**Assignment:**
Where the line with "Abhayapuri (22 km)" appears below, start writing out lines exactly, and finish with the line with "Apartment Model: Studio", which is included; write out nothing else.

**Given data:**
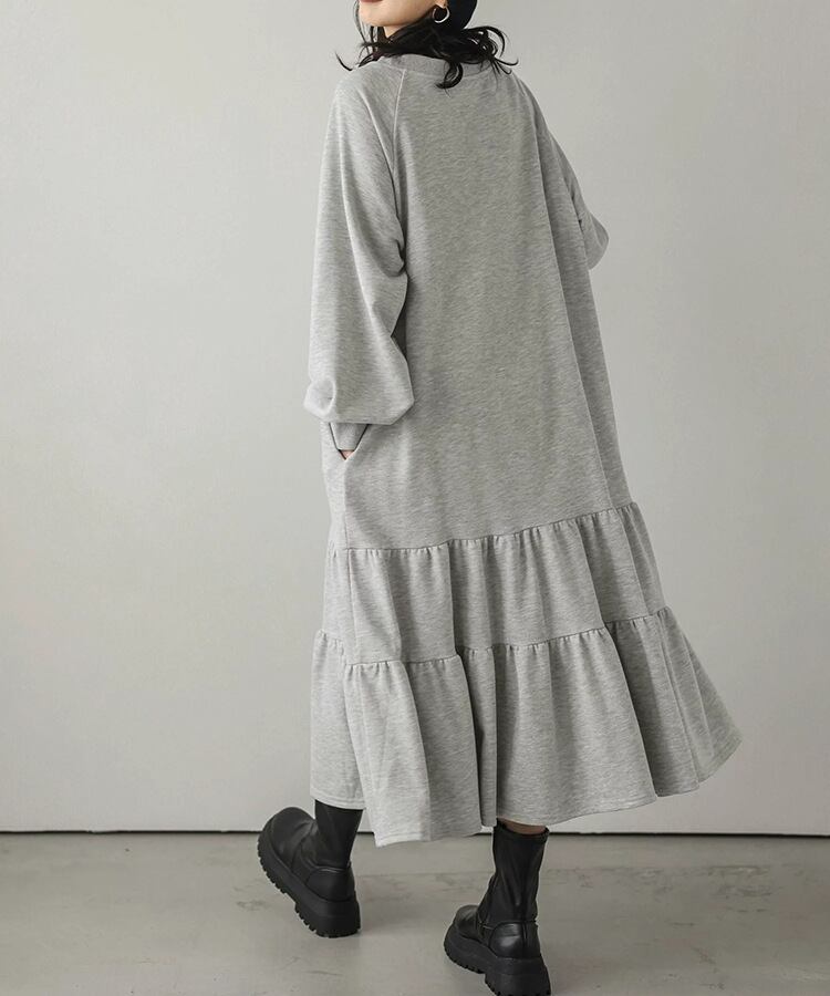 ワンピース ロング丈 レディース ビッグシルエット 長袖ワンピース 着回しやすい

--

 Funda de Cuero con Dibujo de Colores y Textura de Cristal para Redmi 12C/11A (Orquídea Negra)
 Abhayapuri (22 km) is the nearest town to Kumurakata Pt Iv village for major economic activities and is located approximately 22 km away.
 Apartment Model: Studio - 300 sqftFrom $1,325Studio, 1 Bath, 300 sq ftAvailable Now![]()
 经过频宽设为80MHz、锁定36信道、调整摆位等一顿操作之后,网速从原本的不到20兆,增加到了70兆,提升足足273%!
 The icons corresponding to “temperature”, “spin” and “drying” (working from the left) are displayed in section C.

**Answer space:**
 Abhayapuri (22 km) is the nearest town to Kumurakata Pt Iv village for major economic activities and is located approximately 22 km away.
 Apartment Model: Studio - 300 sqftFrom $1,325Studio, 1 Bath, 300 sq ftAvailable Now![]()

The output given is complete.